Press release

OTHER PICTURES: VERNACULAR PHOTOGRAPHS FROM THE THOMAS WALTHER COLLECTION

June 6 — August 27, 2000
The Howard Gilman Gallery

Photographs by anonymous amateurs whose "happy accidents" and "successful failures" resulted in surprising and tantalizing works of art are the subject of Other Pictures: Vernacular Photographs from the Thomas Walther Collection, opening at The Metropolitan Museum of Art on June 6, 2000. Dating from the 1910s through the 1960s — a period that saw the camera's emergence as a nearly ubiquitous and easy-to-use accessory of modern life — these photographs reflect the spirit of their time in refreshingly honest and often unexpected ways. Although never intended for public display — most of the approximately 90 photographs on view were discovered at flea markets, in shoeboxes, or in family albums — these found images often bring to mind the work of such master photographers as Walker Evans, Man Ray, Henri Cartier-Bresson, and Diane Arbus.

The exhibition is drawn exclusively from the Thomas Walther Collection, one of the finest private collections of photographs in the world, and reflects Mr. Walther's longstanding interest in the most innovative avant-garde art of the period — whether by established masters or unknown amateurs. Other Pictures remains on view through August 27, 2000.

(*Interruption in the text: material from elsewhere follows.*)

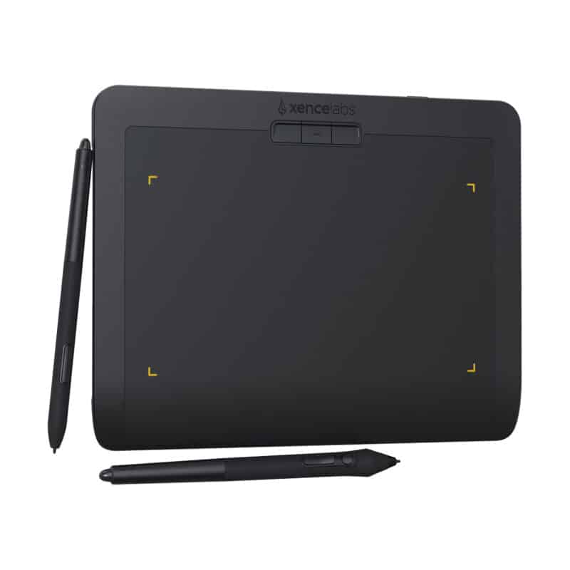 A quality drawing experience starts with a quality tablet. This begins where the pen meets the tablet. With more sensitivity than leading competitors, you can make and control the lightest strokes. Xencelabs Pen Tablets also includes one-button access for pen pressure curve controls, which allows you to adjust your pen’s sensitivity for even the heaviest hand. Two different sized pens come standard with the Pen Tablet Small, and both are fully customizable to the user’s workflow. The wider barreled 3 Button Pen has three programmable buttons plus an eraser to transform this pen into a fully customized tool. The smaller barreled Thin Pen handles like your favorite pen or pencil and has two assignable buttons and an eraser. The tablet features a seamless and gently curved palm rest to maximize comfort, as well adjustable LED lights, which help define the active drawing area. Xencelabs drawing surface aspect ratio is 16:9 native, which means it maps exactly to most industry-standard monitors out of the box. So if you were to draw a perfect circle on a Xencelabs tablet, you’ll get a perfect circle on the screen. The Pen Tablet Small ships with a protective carrying case for the tablet and all of the included accessories; a drawing glove, USB cables, and a pen case that contains both digital pens, USB dongle, USB adapter, nibs, and nib extractor.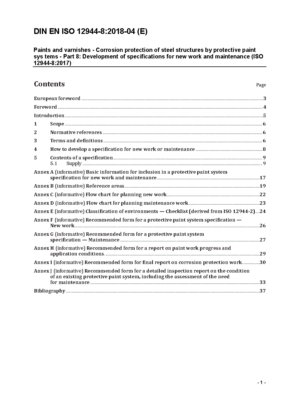 Paints and varnishes - Corrosion protection of steel structures by protective paint systems - Part 8: Development of specifications for new work and maintenance (ISO 12944-8:1998); German version EN ISO 12944-8:1998

In 1909 Alfred Stieglitz, the dean of American art photography, warned amateur photographers not to take themselves too seriously: "Don't believe you became an artist the instant you received a gift Kodak on Christmas morning," he cautioned. Other Pictures challenges and broadens traditional assumptions about what constitutes a photographic work of art and celebrates some of its unknown yet decidedly gifted practitioners.

Mia Fineman, co-curator of the exhibition and Research Assistant in the Metropolitan Museum's Department of Photographs, stated: "These photographs are truly the 'crème-de-la-snapshot.' Each one is a little lure for the imagination, an enticement, a revelation. The exhibition, the first of its kind at the Metropolitan Museum, sheds new light on one of the most prolific and eccentric artists of our century: 'Photographer Unknown.'"

Many of the works on view might be described as "happy accidents" or "successful failures" — fortuitous moments when the camera's lens captured aspects of character or images of beauty that the operator may not have intended. Among these is a double exposure in which a main street trolley appears to trundle across an anonymous hotel room bed. In another, an old wooden house is consumed in a flash of light that seems to emanate from the window of a nearby car. A blurry, underexposed image of a woman posed before a fireplace fails as a literal likeness, yet succeeds as an accidental emblem of feminine mystique.

Publication
The exhibition is accompanied by an illustrated book, Other Pictures: Anonymous Photographs from the Collection of Thomas Walther, published by Twin Palms Press, with an essay by Mia Fineman. The book, which includes 150 duotone plates, will be available in hardcover at the Metropolitan Museum's bookstore for $50.

The Web site for the Museum (www.metmuseum.org) will feature the exhibition.

Other Pictures is curated by Maria Morris Hambourg, Curator-in-Charge in the Department of Photographs at the Metropolitan Museum of Art, and Mia Fineman. Graphic design is by Barbara Weiss, Graphic Designer, and lighting is by Zack Zanolli, Lighting Designer.